There is much more to Audrey’s experience at the Summit and her observations of the edtech business in general. This post is well worth 20 minutes of your time to read it all. She is also someone you should follow.


The photo shows just a part of the vast Expo floor at the ISTE conference last June in Chicago. ISTE also works very hard to promote the edtech startup business through their Edtech Startup Pavilion and annual Pitch Fest.

1. The speakers at the 2019 event in April include a mix of tech executives, politicians, and celebrities. It’s a very strange brew.

2. With ticket prices starting at $2800, I’m guessing not a lot of teachers attend this conference.

Quest For The New

Over the next week or so, tens of thousands of educators will descend on London and Orlando on a quest to discover what’s new in edtech. And thousands of vendors will be in their booths, starting today at The BETT Show, Sunday at FETC1, eager to show it to them.

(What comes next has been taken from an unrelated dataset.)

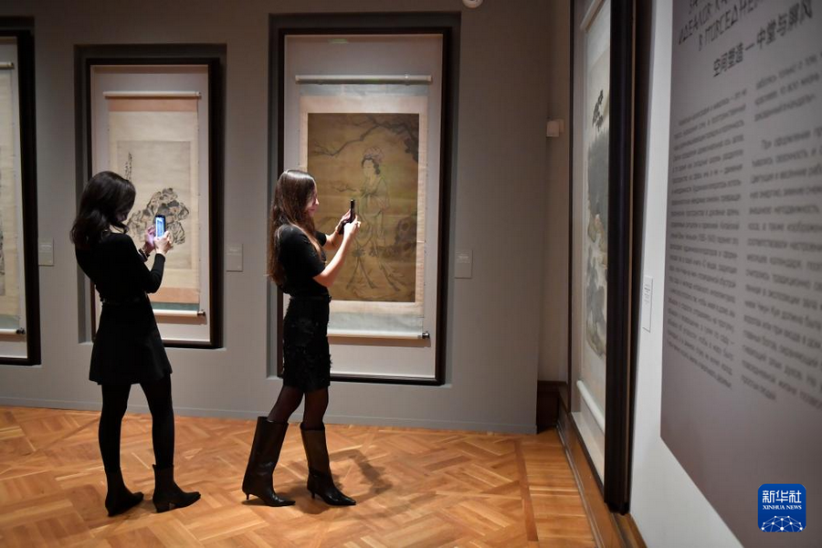 11月17日,在俄罗斯莫斯科特列季亚科夫画廊,嘉宾参观“心之所向:中国国家博物馆藏14—19世纪中国书画艺术”展览。新华社发(亚历山大摄)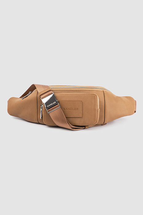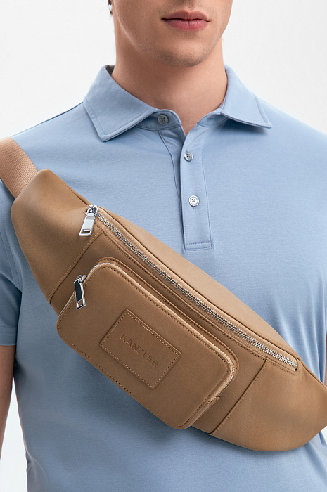 Бежевая поясная сумка KANZLER из гладкой матовой кожи с тисненым логотипом — верный помощник, если Вы живете в городе. Во-первых, в нее можно сложить телефон, наушники, карточки и другие необходимые мелочи, во-вторых, она очень удобна и может носиться, как минимум, тремя способами — кросс-боди, на поясе и на плече, сзади. Стильная модель вариативна в сочетаниях с одеждой — ее можно надевать и с костюмом и плащом, и с одеждой в уличном и спортивном стилях. Предусмотрено вместительное основное отделение и карман для мелочей. Широкий текстильный ремень можно регулировать.

At each conference/expo, attendees will also flock to sessions about the latest in software, hardware, apps, and extensions, with presenters offering “solutions” to whatever problem they might have. Plus tips, tricks, tools, hidden features, and more little bits of technology that you must have.

Both huge events represent one major reason why edtech has been largely ineffective, using multiple definitions of that term.

Like the tech industry in general, we in education embrace the promise of artificial intelligence, virtual reality, and the other “cutting edge” concepts that we are told will revolutionize the learning process, and the world in general, with far too little questioning.

I’m not saying we should never be curious about new stuff. Or ignore the possibilities that come with the development of new technology products.

However, when wandering the glittery sales floor of conferences like BETT and FETC (plus ISTE and any number of state and local edtech-related events) we need to dial back on the gee-whiz and ask some tough questions.

Like if claims for their products are backed by research. Or get the marketing people to talk about their privacy policies. Is any of the student data collected shared with other companies? Who are your investors?

I’m betting that last one will get you some funny looks. But we deserve to know the people in the background who may be more concerned with something other than student learning.

Anyway, as you go questing for the new, also indulge in some good old fashioned research before you adopt any of it. 


Indiana Jones, of course, is an archaeologist looking for old stuff. But if you think about it, he was on a quest for new stuff to put in museums that were already packed with relics.

1. BETT, formerly known as the British Educational Training and Technology Show before being shortened to just the initials, will attract around 35,000 people. FETC, which was the Florida Educational Technology Conference before being bought by a “media group” and rebranded as the Future of Education Technology Conference. They will likely have around 10,000 in attendance.